Hyper-parameters determine the general characteristics of deep neural networks. The number of the hidden units, order of the layers, batch size, optimizer selection, and learning rate, etc. directly affect the performance of the methods. In this study, we utilized the previous researcher's experiments in addition to our experiments. For instance, Zheng et al.33 discovered that kernel size (6 × 4) and unit number (128) of the CNN network produced the best results according to other sizes and numbers in the pre-miRNA classification. When we tested hyperparameters like Zheng et al.33, we obtained similar performance results as they did. In our future work, we will take into account the experiences we have gained in these studies and we will do more extensive hyper-parameter optimization to ensure performance increase.

Despite the promising performance of our model, there are still some limitations. The first limitation comes from the total number of entries (1124) in the datasets. Even though the datasets have well-defined data, it is important to feed the method with more training and testing data to obtain more reliable results. The second limitation is the unbalanced ratio of classes. In this study, the number of positive samples (417) was less than the number of negative samples (707). The ratio of positive and negative samples was approximately 1:1.7. This imbalanced ratio may lead to limit accuracy and other metrices. Thus, we will focus on more comprehensive datasets in the future research.

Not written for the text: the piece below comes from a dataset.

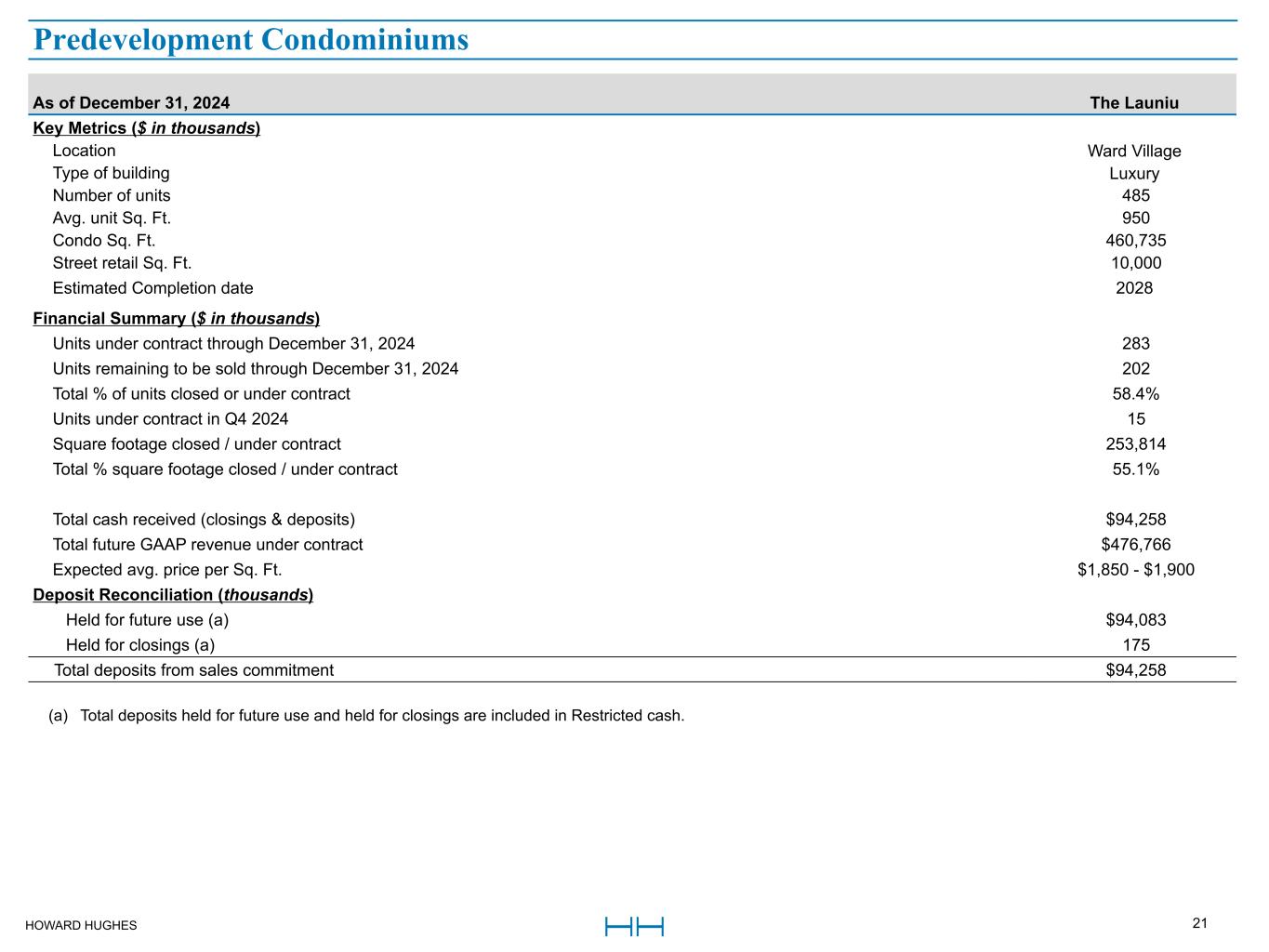HOWARD HUGHES 20 As of December 31, 2024 The Park Ward Village Ulana Ward Village Kalae Ritz-Carlton Residences Total Key Metrics ($ in thousands) Location Ward Village Ward Village Ward Village The Woodlands Type of building Upscale Workforce Luxury Luxury Number of units 545 696 329 111 1,681 Avg. unit Sq. Ft. 847 623 1,207 2,524 935 Condo Sq. Ft. 461,360 433,773 397,203 280,172 1,572,508 Street retail Sq. Ft. 26,800 32,100 2,000 5,800 66,700 Stabilized retail NOI $1,900 $760 $140 $800 $3,600 Stabilization year 2029 2028 2030 2030 Development progress ($ in thousands) Start date Q4 2022 Q1 2023 Q2 2024 2024 Estimated Completion date 2026 2025 2027 2027 Total estimated development cost $613,807 $402,914 $623,745 $369,465 $2,009,931 Development costs incurred to date 287,420 260,234 123,687 44,280 715,621 Estimated remaining to be spent $326,387 $142,680 $500,058 $325,185 $1,294,310 Financial Summary ($ in thousands) Units under contract through December 31, 2024 527 696 305 78 1,606 Units remaining to be sold through December 31, 2024 18 — 24 33 75 Total % of units closed or under contract 96.7% 100% 92.7% 70.3% 95.5% Units under contract in Q4 2024 2 — 1 1 4 Square footage closed / under contract 447,200 433,773 376,563 201,705 1,459,241 Total % square footage closed / under contract 96.9% 100% 94.8% 72.0% 92.8% Total cash received (closings & deposits) $138,789 $37,672 $154,664 $33,551 $364,676 Total future GAAP revenue under contract $693,800 $372,581 $772,902 $336,870 $2,176,153 Expected avg. price per Sq. Ft. $1,500 - $1,550 $850 - $900 $2,000 - $2,050 $1,700 - $1,750 Deposit Reconciliation (thousands) Spent towards construction $135,794 $37,258 $— $— $173,052 Held for future use (a) 795 — 152,789 — 153,584 Held for closings (a) 2,200 414 1,875 33,551 38,040 Total deposits from sales commitment $138,789 $37,672 $154,664 $33,551 $364,676 (a) Total deposits held for future use and held for closings are included in Restricted cash. Under Construction Condominiums

We consider that the quality and size of the related dataset are important for training a model and achieving robust classification prediction. In future studies, enhanced datasets may lead to the construction of more successful models in terms of similar evaluation parameters.

Conclusion

In this paper, we proposed a nucleotide-level hybrid deep learning method based on a convolutional neural network and long-short term memory network together. In the data preprocessing phase, we used one-hot encoding to convert each base to a matrix of the same size by padding. Then, we employed three convolution layers wrapped by a time-distribution layer. For concatenation of all extracted features, we employed a flatten layer for passing to the LSTM layer. Then, we designed one LSTM layer following a dropout layer on the fully connected layer. Finally, for binary classification, the softmax activation function is used for specifying the outputs. Our results showed that the proposed method was successfully trained on the training dataset and had a better performance on the test dataset than the previous models.

The results indicated that the hybrid CNN and LSTM networks can be employed to achieve better performance for pre-miRNA classification. In future work, we will study on the investigation of new classification models that deliver better performance in terms of all the evaluation metrics.